**BRIEF:** What should be copied is the stretch of entries below from the line with "Κόψτε ένα σφουγγάρι" up to and including the line with "nóż biurowy do", exactly and without images.

** Opening EXTRACTED INFORMATION block **

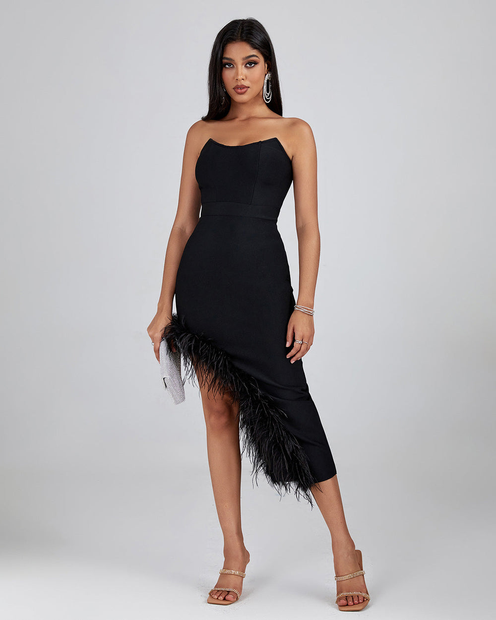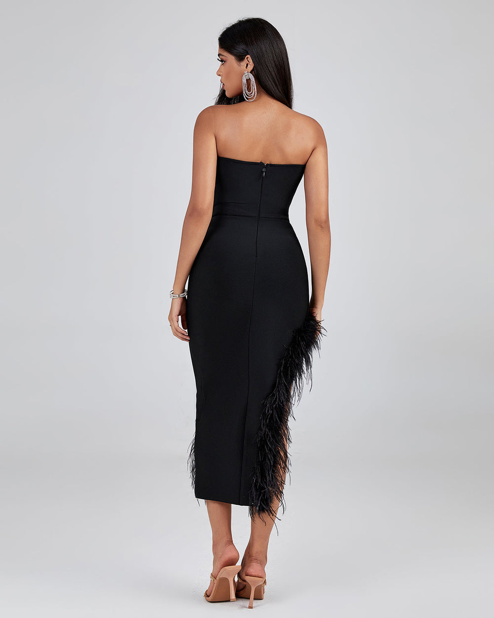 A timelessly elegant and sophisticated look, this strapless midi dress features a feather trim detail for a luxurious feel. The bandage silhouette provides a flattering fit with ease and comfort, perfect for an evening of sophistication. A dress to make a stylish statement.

** Closing EXTRACTED INFORMATION block **
** Opening EXTRACTED INFORMATION block **

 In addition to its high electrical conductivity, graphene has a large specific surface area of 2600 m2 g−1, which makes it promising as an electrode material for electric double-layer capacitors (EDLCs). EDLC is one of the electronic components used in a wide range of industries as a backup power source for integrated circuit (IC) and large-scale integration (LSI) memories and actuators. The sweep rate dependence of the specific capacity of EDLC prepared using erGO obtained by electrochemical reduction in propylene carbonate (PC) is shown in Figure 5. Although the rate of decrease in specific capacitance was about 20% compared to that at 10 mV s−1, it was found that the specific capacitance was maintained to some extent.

** Closing EXTRACTED INFORMATION block **
** Opening EXTRACTED INFORMATION block **

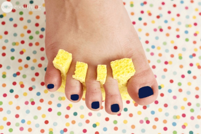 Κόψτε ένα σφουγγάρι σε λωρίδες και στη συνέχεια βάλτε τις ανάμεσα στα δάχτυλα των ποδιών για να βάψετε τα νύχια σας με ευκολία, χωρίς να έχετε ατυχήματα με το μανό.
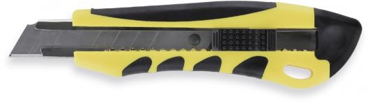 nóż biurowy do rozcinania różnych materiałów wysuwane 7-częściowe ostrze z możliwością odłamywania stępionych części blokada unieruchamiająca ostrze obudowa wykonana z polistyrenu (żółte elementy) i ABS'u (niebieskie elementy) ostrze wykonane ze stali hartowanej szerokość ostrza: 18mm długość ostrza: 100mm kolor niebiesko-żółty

** Closing EXTRACTED INFORMATION block **

**TASK RESPONSE:**
 Κόψτε ένα σφουγγάρι σε λωρίδες και στη συνέχεια βάλτε τις ανάμεσα στα δάχτυλα των ποδιών για να βάψετε τα νύχια σας με ευκολία, χωρίς να έχετε ατυχήματα με το μανό.
 nóż biurowy do rozcinania różnych materiałów wysuwane 7-częściowe ostrze z możliwością odłamywania stępionych części blokada unieruchamiająca ostrze obudowa wykonana z polistyrenu (żółte elementy) i ABS'u (niebieskie elementy) ostrze wykonane ze stali hartowanej szerokość ostrza: 18mm długość ostrza: 100mm kolor niebiesko-żółty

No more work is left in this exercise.